Carneiro Gustavo, Chan Antoni B, Moreno Pedro J, Vasconcelos Nuno
Integrated Data Systems Department, Siemens Corporate Research, Princeton, NJ 08540, USA.
IEEE Trans Pattern Anal Mach Intell. 2007 Mar;29(3):394-410. doi: 10.1109/TPAMI.2007.61.
A probabilistic formulation for semantic image annotation and retrieval is proposed. Annotation and retrieval are posed as classification problems where each class is defined as the group of database images labeled with a common semantic label. It is shown that, by establishing this one-to-one correspondence between semantic labels and semantic classes, a minimum probability of error annotation and retrieval are feasible with algorithms that are 1) conceptually simple, 2) computationally efficient, and 3) do not require prior semantic segmentation of training images.
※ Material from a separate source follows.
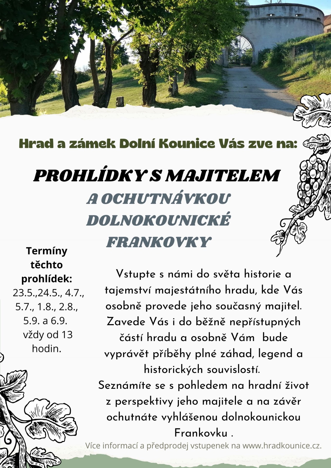 23.5. a 24.5. vždy od 13 hodin - Speciální prohlídka s majitelem hradu a ochutnávkou Dolnokounické Frankovky
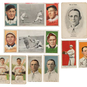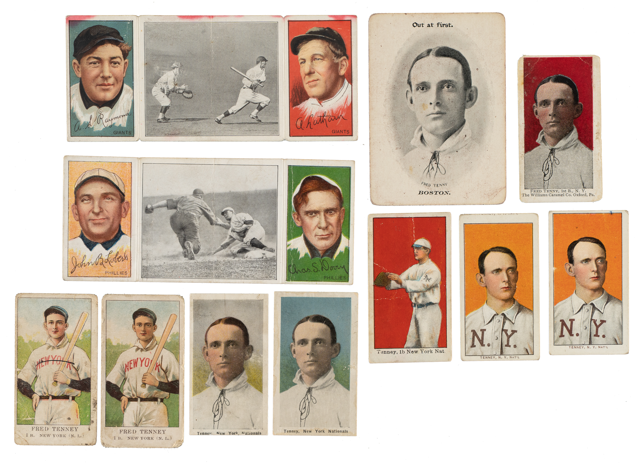 Presented is a collection of eleven 1910-era baseball cards (mostly caramel and tobacco), all depicting Fred Tenney. The Ivy-League educated Tenney was a star of his day, cranking out more than 2,200 hits during a seventeen-year career with the New York Giants and the National League Boston franchise. Tenney is considered one of the top defensive first basemen of the Deadball Era and is credited with originating the 3-6-3 double play and popularizing the defensive positioning (deep and well off first base) that is common to this day. This collection consists of the following: 1) 1906 WG2 Fan Craze N.L. (1 card): Tenney (Gd). 2) 1908 E91-A American Caramel (1 card): Tenney (Fr). 3) 1909 E91-B American Caramel (1 card): Tenney (Pr). 4) 1909-1911 E90-1 American Caramel (1 card): Tenney (Fr). 5) 1909-1911 T206 White Border (2 cards): Two Tenney (tiny ink mark on front, otherwise Vg, Sweet Caporal and light ink marks on reverse, otherwise Vg, Piedmont). 6) 1910 E103 Williams Caramel (1 card): Tenney (Pr). 7) 1910-1911 M116 Sporting Life (2 cards): Tenney/blue background (Pr) and Tenney/pastel background (slight trim, otherwise Pr). 8) 1912 T202 Hassan Triple Folder (2 cards): Lobert Gets Tenney - Lobert/Dooin (Fr) and Tenney Lands Safely - Latham/Raymond (Pr). Total: 11 cards.

In particular, images are represented as bags of localized feature vectors, a mixture density estimated for each image, and the mixtures associated with all images annotated with a common semantic label pooled into a density estimate for the corresponding semantic class. This pooling is justified by a multiple instance learning argument and performed efficiently with a hierarchical extension of expectation-maximization. The benefits of the supervised formulation over the more complex, and currently popular, joint modeling of semantic label and visual feature distributions are illustrated through theoretical arguments and extensive experiments. The supervised formulation is shown to achieve higher accuracy than various previously published methods at a fraction of their computational cost. Finally, the proposed method is shown to be fairly robust to parameter tuning.
提出了一种用于语义图像标注和检索的概率公式。标注和检索被视为分类问题,其中每个类别被定义为用共同语义标签标记的数据库图像组。结果表明,通过在语义标签和语义类别之间建立这种一一对应关系,使用以下算法可以实现最小错误概率的标注和检索:1)概念简单;2)计算效率高;3)不需要对训练图像进行先验语义分割。具体而言,图像被表示为局部特征向量包,为每个图像估计混合密度,并且将与用共同语义标签标注的所有图像相关联的混合合并为对应语义类别的密度估计。这种合并通过多实例学习论证得到证明,并通过期望最大化的分层扩展有效地执行。通过理论论证和大量实验说明了监督公式相对于更复杂且当前流行的语义标签和视觉特征分布联合建模的优势。结果表明,监督公式在计算成本仅为各种先前发表方法的一小部分的情况下,能够实现更高的准确率。最后,所提出的方法被证明对参数调整相当稳健。